Amid rising cases of Omicron across the world, a recent study by an international team of scientists has identified antibodies that neutralise Omicron and other Covid variants.
Reportedly, these Omicron antibodies target areas of the virus spike protein that remain unchanged as the viruses keep mutating. The findings were published in the journal Nature.
Thus, it is likely possible to design a vaccine or antibody treatment against Omicron and other variants by identifying the targets of these "broadly neutralizing" antibodies on the spike protein.
"This finding stated that by focusing on antibodies targeting these sites on the spike protein, there's a way to overcome the virus' continual evolution," said David Veesler, an investigator with the Howard Hughes Medical Institute and associate professor of biochemistry at the University of Washington School of Medicine in Seattle.
The research was done under the leadership of Veesler along with Davide Corti of Humabs Biomed SA, Vir Biotechnology, in Switzerland. The other authors of the study were Elisabetta Cameroni and Christian Saliba (Humabs), John E. Bowen (UW Biochemistry), and Laura Rosen (Vir).
According to the information, the Omicron variant has 37 mutations in the spike protein, which is an unusually high number of mutations. That's the reason why Omicron variant has been able to spread so rapidly and even infect vaccinated people.
To assess the effect of these mutations, the researchers created pseudoviruses that had spike proteins with the omicron mutations.
Initially, the researchers looked to see if the different versions of the spike protein were able to bind to a protein on the surface of cells. This protein is known as the angiotensin-converting enzyme-2 (ACE2) receptor.
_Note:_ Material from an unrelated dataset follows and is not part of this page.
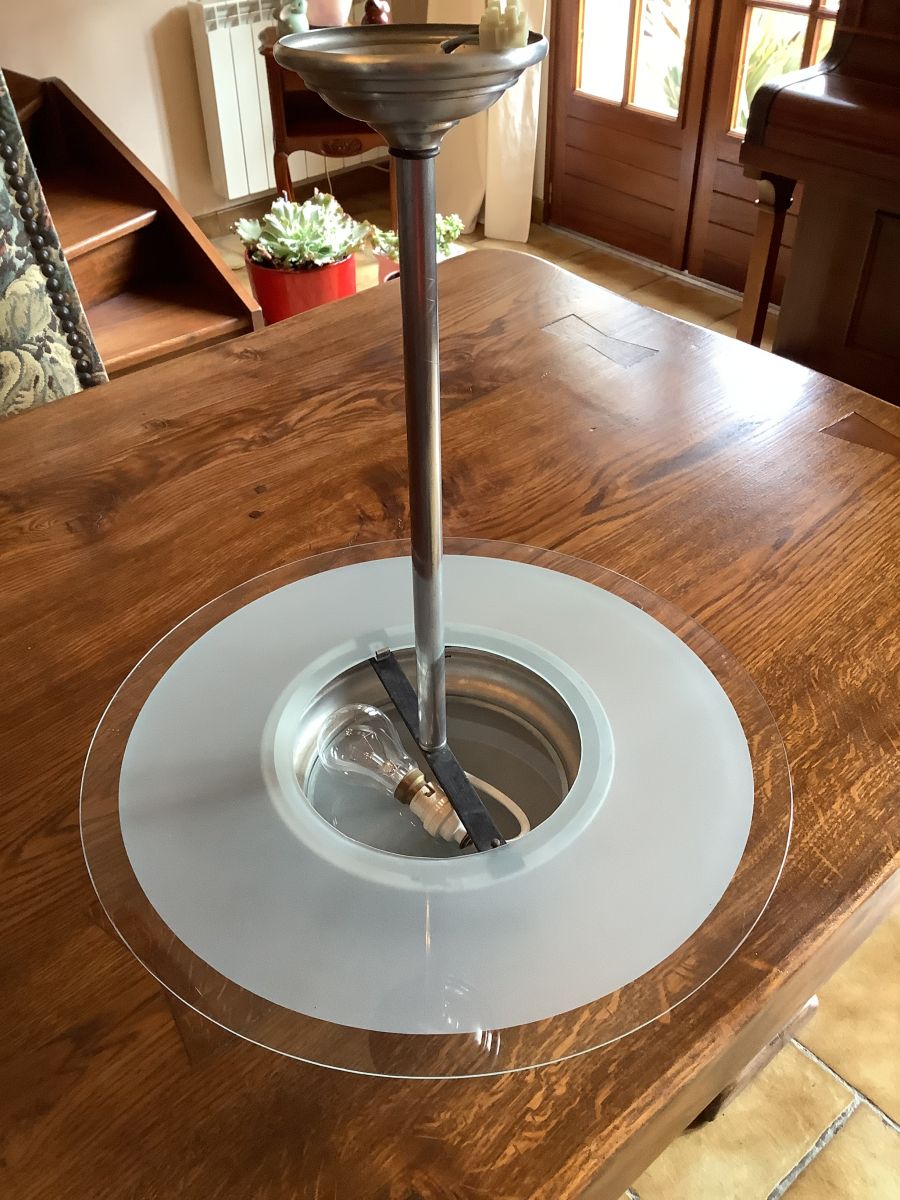 Bonjour,pourriez-vous préciser ce que vous sous entendez par "état moyen"? est-ce que le lustre fonctionne bien?, est-ce qu'il y a un coup sur le verre?

The Omicron variant is able of binding to mouse ACE2 receptors efficiently, the researchers noted. They also suggested that Omicron might be able to "ping-pong" between humans and other mammals.
Then researchers looked at how well antibodies against earlier mutants of the virus protected against the Omicron variant. They used antibodies from patients who were previously infected with earlier versions of Covid-19, vaccinated people, or had been infected and then vaccinated.
Likewise, the antibodies from people who had been infected by earlier strains and from those who had received a vaccine among the six most-used vaccines had reduced the ability to block infection.
Meanwhile, antibodies from people who had been infected, recovered and then had two doses of the vaccine also reduced the activity. However, the reduction, in this case, was less which shows that vaccination after infection is useful.
The finding also suggests that designing vaccines and antibody treatments could be effective against such variants, including Omicron, that emerge through mutation, Veesler said.